------ Collected data ------
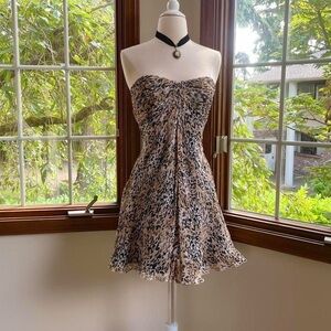 Laundry by Shelli Segal 100% silk leopard print flowy strapless mini dress in size 4!
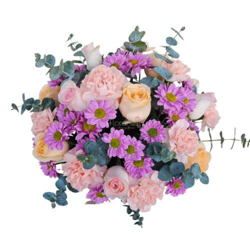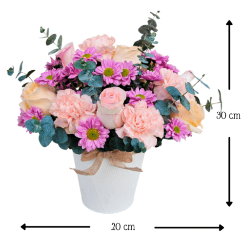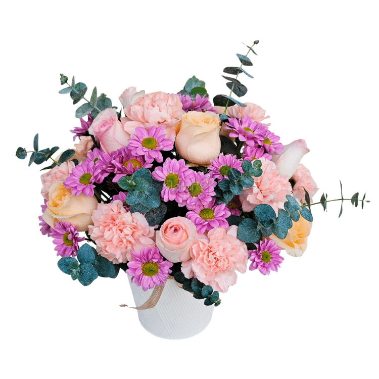 Regala flores a domicilio, listas para conquistar su corazón. Doce Rosas de invernadero en tono rosa y durazno, Margaritas rosas acompañadas de Clavel durazno y un toque de follaje de Dólar en nuestra “Cubeta Consentida”. Agenda tu envío para el 14 de febrero hoy mismo.
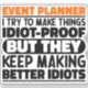 Funny Event Planner Sayings "Event Planner I Try To Make Things Idiot Proof But They Keep Making Better Idiots". Grab this Funny Event Planner design as a funny gifts for an awesome mum, dad or friend.
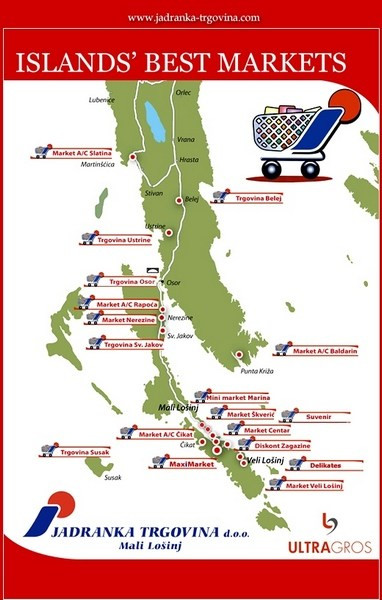 Ob oskrbi hotelov, kampov in gostinskih objektov se Jadranka trgovina ukvarjajo s skrbjo za lokalno prebivalstvo. Prodajalne so odprte vse leto.
------
Could you print the data exactly as it appears and keep the pictures out?

 Laundry by Shelli Segal 100% silk leopard print flowy strapless mini dress in size 4!
 Regala flores a domicilio, listas para conquistar su corazón. Doce Rosas de invernadero en tono rosa y durazno, Margaritas rosas acompañadas de Clavel durazno y un toque de follaje de Dólar en nuestra “Cubeta Consentida”. Agenda tu envío para el 14 de febrero hoy mismo.
 Funny Event Planner Sayings "Event Planner I Try To Make Things Idiot Proof But They Keep Making Better Idiots". Grab this Funny Event Planner design as a funny gifts for an awesome mum, dad or friend.
 Ob oskrbi hotelov, kampov in gostinskih objektov se Jadranka trgovina ukvarjajo s skrbjo za lokalno prebivalstvo. Prodajalne so odprte vse leto.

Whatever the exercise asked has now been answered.